-- Available data follows --
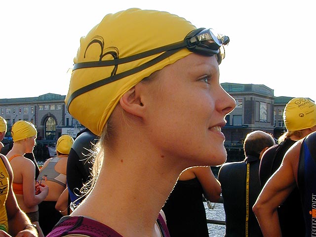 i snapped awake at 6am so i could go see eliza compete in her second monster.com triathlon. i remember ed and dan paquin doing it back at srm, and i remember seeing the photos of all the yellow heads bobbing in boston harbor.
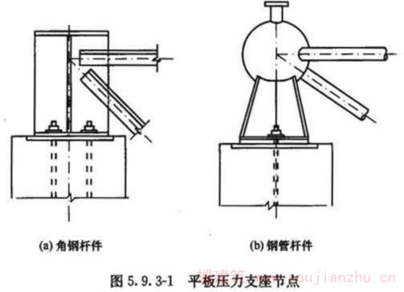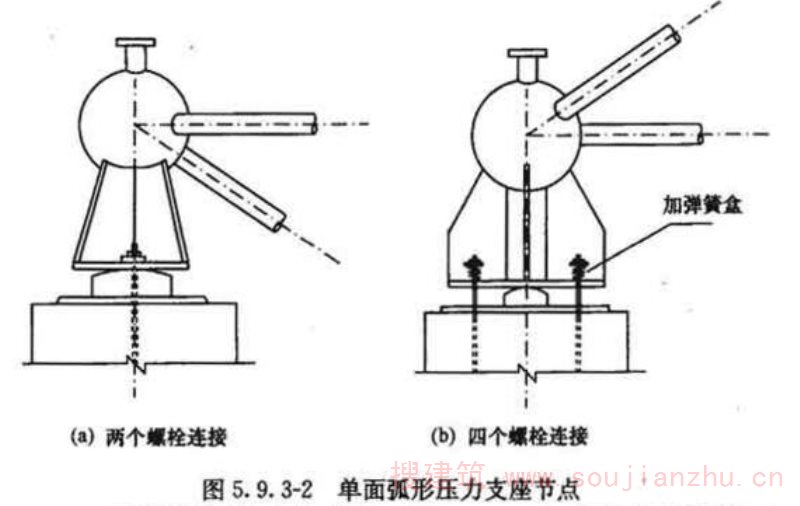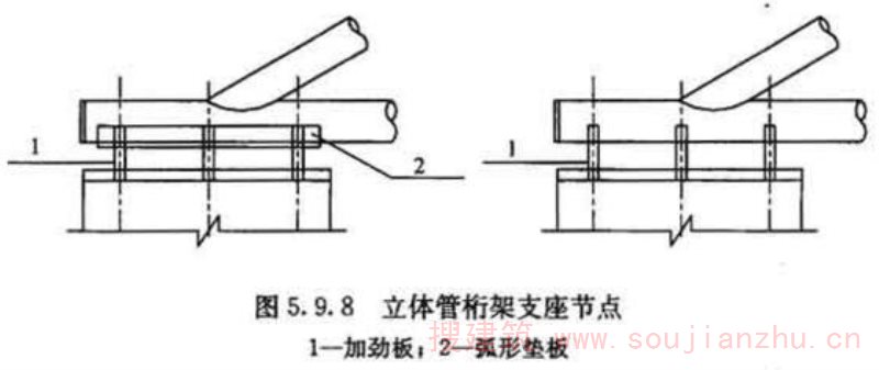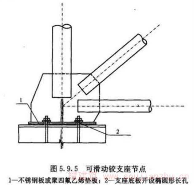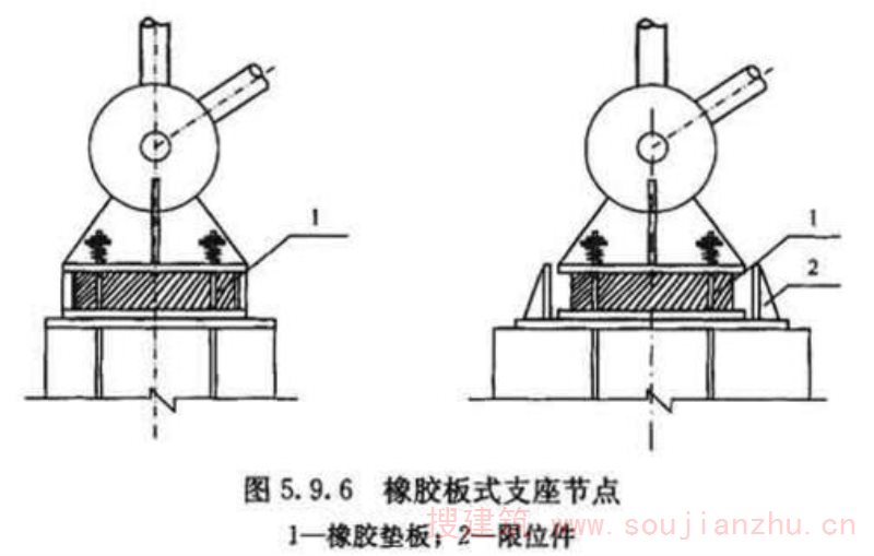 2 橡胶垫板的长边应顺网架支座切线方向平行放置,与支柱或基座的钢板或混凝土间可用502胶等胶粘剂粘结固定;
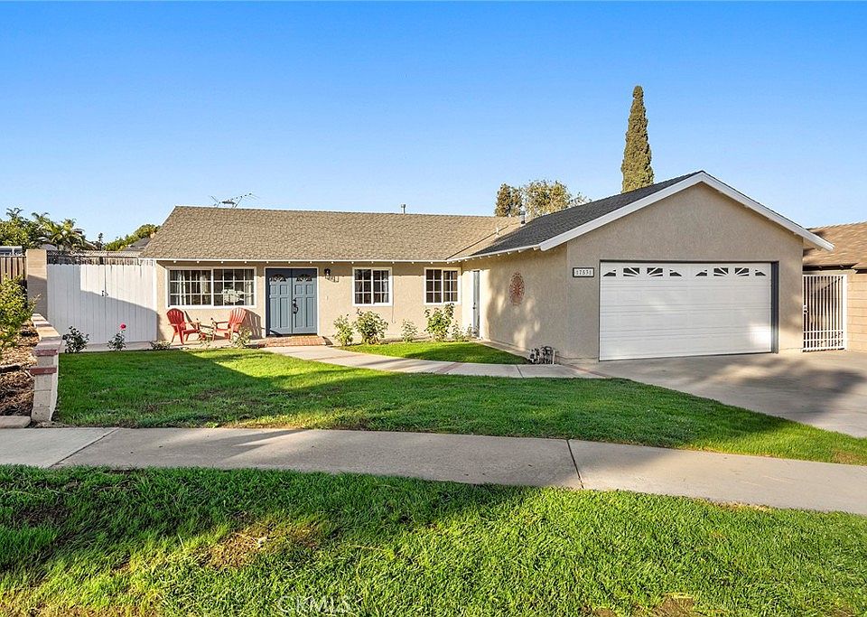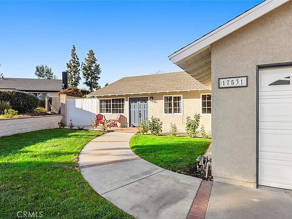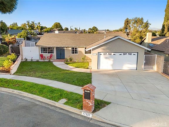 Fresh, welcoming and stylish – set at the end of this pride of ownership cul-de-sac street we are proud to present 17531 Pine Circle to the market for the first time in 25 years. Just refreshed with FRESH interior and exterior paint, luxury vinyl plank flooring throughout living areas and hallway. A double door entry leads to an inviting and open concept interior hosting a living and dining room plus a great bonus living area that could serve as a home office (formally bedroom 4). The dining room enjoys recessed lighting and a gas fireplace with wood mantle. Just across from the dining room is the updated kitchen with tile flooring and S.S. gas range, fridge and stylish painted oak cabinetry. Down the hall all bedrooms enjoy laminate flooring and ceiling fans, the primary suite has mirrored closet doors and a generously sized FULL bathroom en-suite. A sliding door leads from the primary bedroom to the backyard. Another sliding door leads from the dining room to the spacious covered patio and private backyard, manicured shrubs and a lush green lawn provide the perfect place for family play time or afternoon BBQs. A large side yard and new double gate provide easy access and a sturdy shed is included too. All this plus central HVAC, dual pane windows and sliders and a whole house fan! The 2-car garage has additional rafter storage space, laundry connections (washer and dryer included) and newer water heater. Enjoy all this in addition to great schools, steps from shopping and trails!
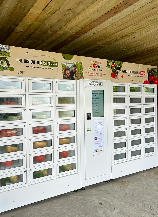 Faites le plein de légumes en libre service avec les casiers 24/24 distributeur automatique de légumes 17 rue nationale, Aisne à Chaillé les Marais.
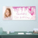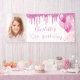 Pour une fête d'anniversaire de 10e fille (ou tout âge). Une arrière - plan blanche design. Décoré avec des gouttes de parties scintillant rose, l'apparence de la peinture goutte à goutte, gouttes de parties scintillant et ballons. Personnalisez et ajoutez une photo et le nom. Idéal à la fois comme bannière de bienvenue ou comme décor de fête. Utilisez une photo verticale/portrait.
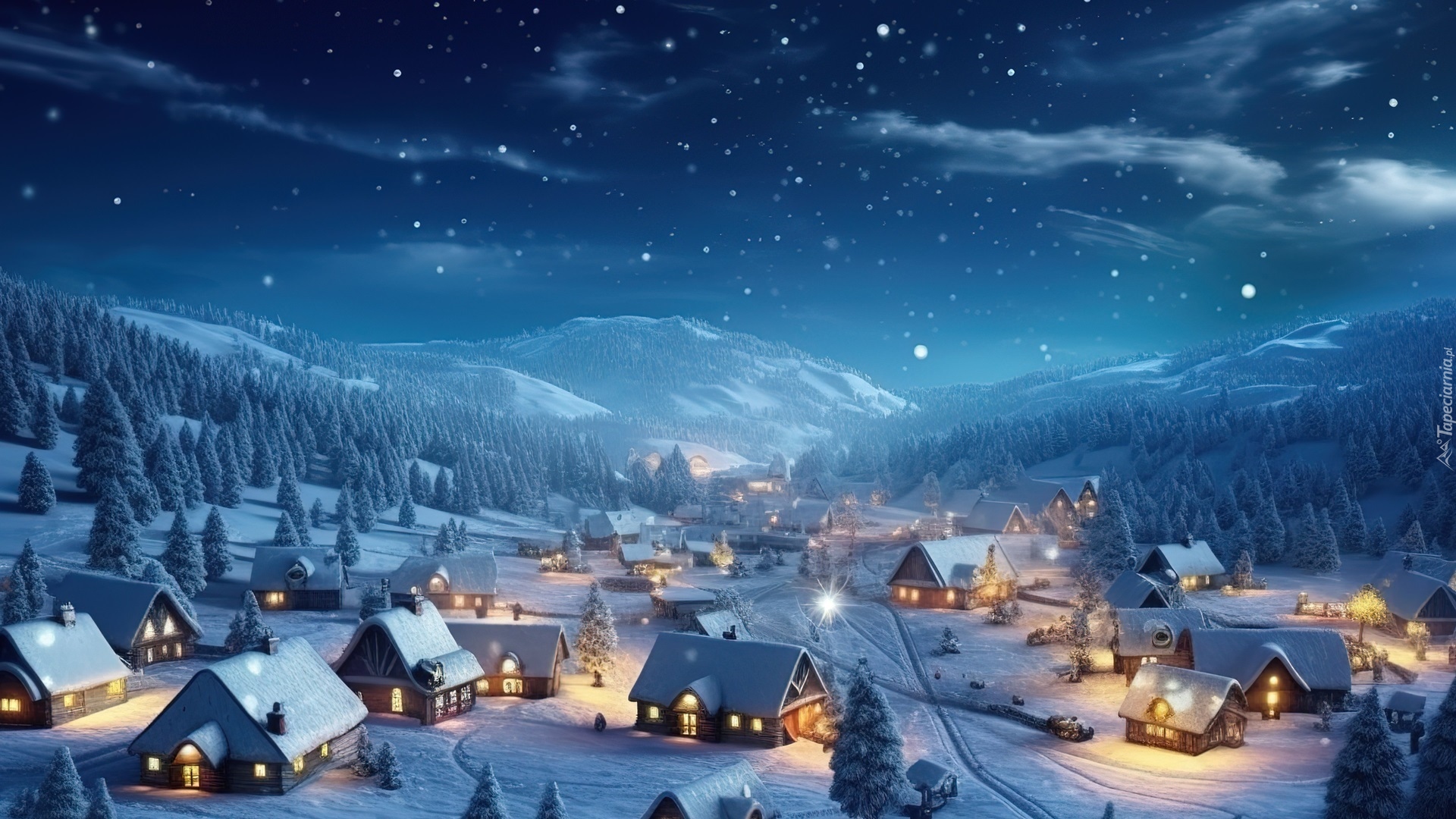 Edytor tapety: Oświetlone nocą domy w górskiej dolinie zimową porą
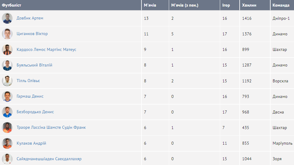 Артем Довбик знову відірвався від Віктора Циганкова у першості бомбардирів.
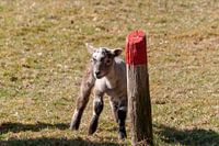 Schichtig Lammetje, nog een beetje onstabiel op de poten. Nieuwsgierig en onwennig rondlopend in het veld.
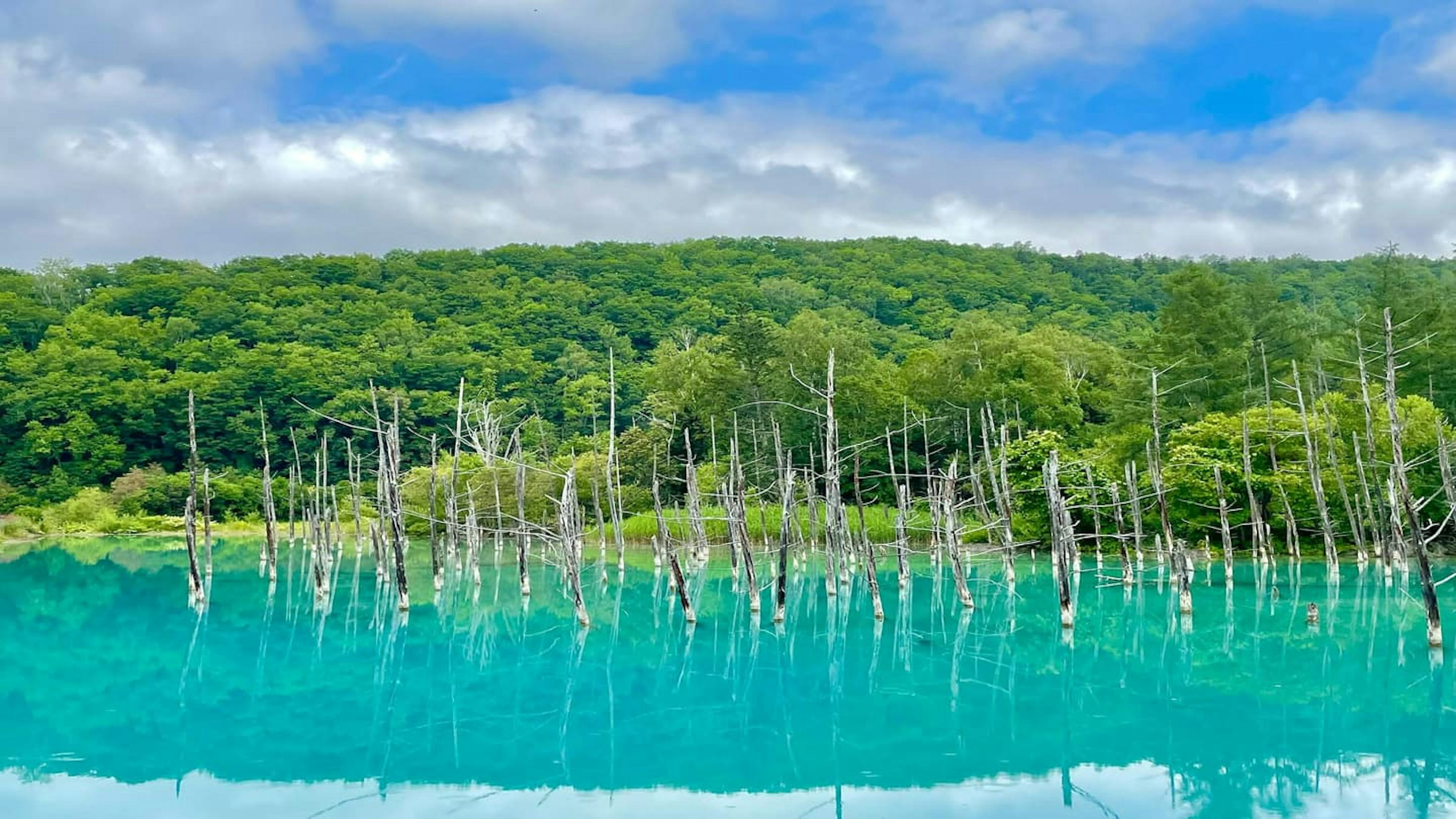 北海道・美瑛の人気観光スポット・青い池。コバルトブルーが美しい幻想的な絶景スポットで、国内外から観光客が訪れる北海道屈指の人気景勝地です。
-- Available data concluded --
**Work instruction**
Each line from the one that contains "Edytor tapety: Oświetlone" to the end of the listing must be quoted exactly; no other line and no picture belongs in the copy.

**Answer to this task**
 Edytor tapety: Oświetlone nocą domy w górskiej dolinie zimową porą
 Артем Довбик знову відірвався від Віктора Циганкова у першості бомбардирів.
 Schichtig Lammetje, nog een beetje onstabiel op de poten. Nieuwsgierig en onwennig rondlopend in het veld.
 北海道・美瑛の人気観光スポット・青い池。コバルトブルーが美しい幻想的な絶景スポットで、国内外から観光客が訪れる北海道屈指の人気景勝地です。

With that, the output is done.